Tauranga-based software developer Pingar has set up shop in the home of technology, California's Silicon Valley, alongside the likes of Apple, Google, Yahoo, Facebook, Twitter, Cisco Systems and Hewlett-Packard.
Pingar co-founders and directors Peter and Jacqui Wren-Hilton have just returned from six months living in the valley, which stretches 48km from San Jose to southern San Francisco.
What struck them was the size of the famous technology companies, employing 15,000-20,000 people.
"You realise very quickly how big they are and how small New Zealand companies are," Mrs Wren-Hilton said.
"We presented at a Google workshop in Building 18 and the catering staff in that building alone was bigger than what Pingar employs globally [30 people].
"You can very easily get lost on the Google campus, and staff are provided with on-site bikes, decked out in Google colours, to move between buildings. They just leave them in the bike racks for the next person to use."
Pingar has developed a series of next generation internet search technologies, and will return to Silicon Valley for three to four months next year.
They established their United States office in the Plug and Play Tech Centre in Sunnyvale, set up a subsidiary company Pingar Inc, hired three staff including former Microsoft and Orion Health executives, and set about establishing new contacts and contracts.
Owen Allen, who was the Microsoft SharePoint senior product manager, has come on board as vice-president of solutions, and fellow American Megan Tobin is vice-president marketing after working for Auckland-based software company, Orion Health, for five years.

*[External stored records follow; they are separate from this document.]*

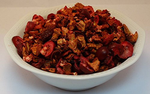 Apfelstücke, Hibiskusblüten, Fliederbeeren, gefr.-getr. Apfelstücke, Hagebuttenschalen, gefr.-getr. Himbeer- darüber hinaus Cranberryscheiben, Aroma.
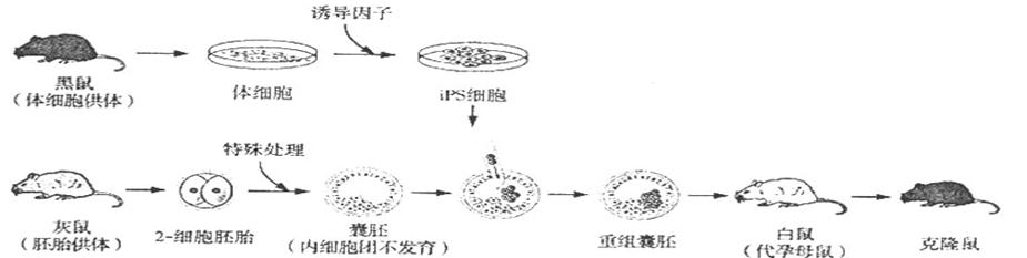 科学家通过诱导黑鼠体细胞去分化获得诱导性多能干细胞(iPS),继而利用iPS细胞培育出与黑鼠遗传特性相同的克隆鼠,流程如下:
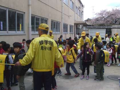 1年生が入学して3日目となりました。今日も,下校時には,多くの「修学院見守り隊」のみなさんにお世話になりました。総勢120名という人数なので,学校教員だけでなく,見守り隊の方々や学童保育所・児童館の職員さんにもサポートいただきながら,1年生は安心して下校することができています。今後とも宜しくお願いします。

Soon after arriving in the US, Mr Wren-Hilton presented at Launch: Silicon Valley 2011, organised by the Association of Startup Entrepreneurs. Pingar was one of 30 hot emerging tech companies selected from 300 applicants around the world in the fields of information technology, security, digital media and clean energy.
Afterwards, Mr Wren-Hilton was interviewed by American blogger and Silicon Valley technical evangelist, Robert Scoble, and the video was re-played by a number of interested companies.
"The video accelerated our entry into the valley and it helped us get over the little Kiwi company syndrome. Robert only speaks to cool companies which have interesting and new technology," said Mr Wren-Hilton.
Back in the Plug and Play centre, Pingar joined 180 start-up companies from all over the world. A number of venture capital and angel investor groups are also based there aiming to invest in the new, smart companies.
"There is talk of setting up an innovation centre in Tauranga but you can't replicate what's in the valley.
"The scale of it makes the Silicon Valley model unique; you have so many entrepreneurs and venture capitalists in one place," Mr Wren-Hilton said.
"The valley is an eco-system. In a country depressed about its economic state, Silicon Valley still stands out."
Pingar, established 10 years ago, is now one of four New Zealand technology companies based in Silicon Valley. The others are Endace, which manufactures high speed network monitoring and recording systems; Zero, marketing an online software accounting programme; and SLI Systems, a site search software that reacts to users' behaviour on the internet.
Pingar, now with offices in London, Hong Kong, Bangalore in India, Auckland, Tauranga and Silicon Valley, first developed an innovative internet search engine which retrieves information by asking specific questions.
It broadened its market by launching an application programming interface (API), allowing other software developers to access a series of 18 components to build products, that suit their company, for extracting and analysing key information from masses of documents.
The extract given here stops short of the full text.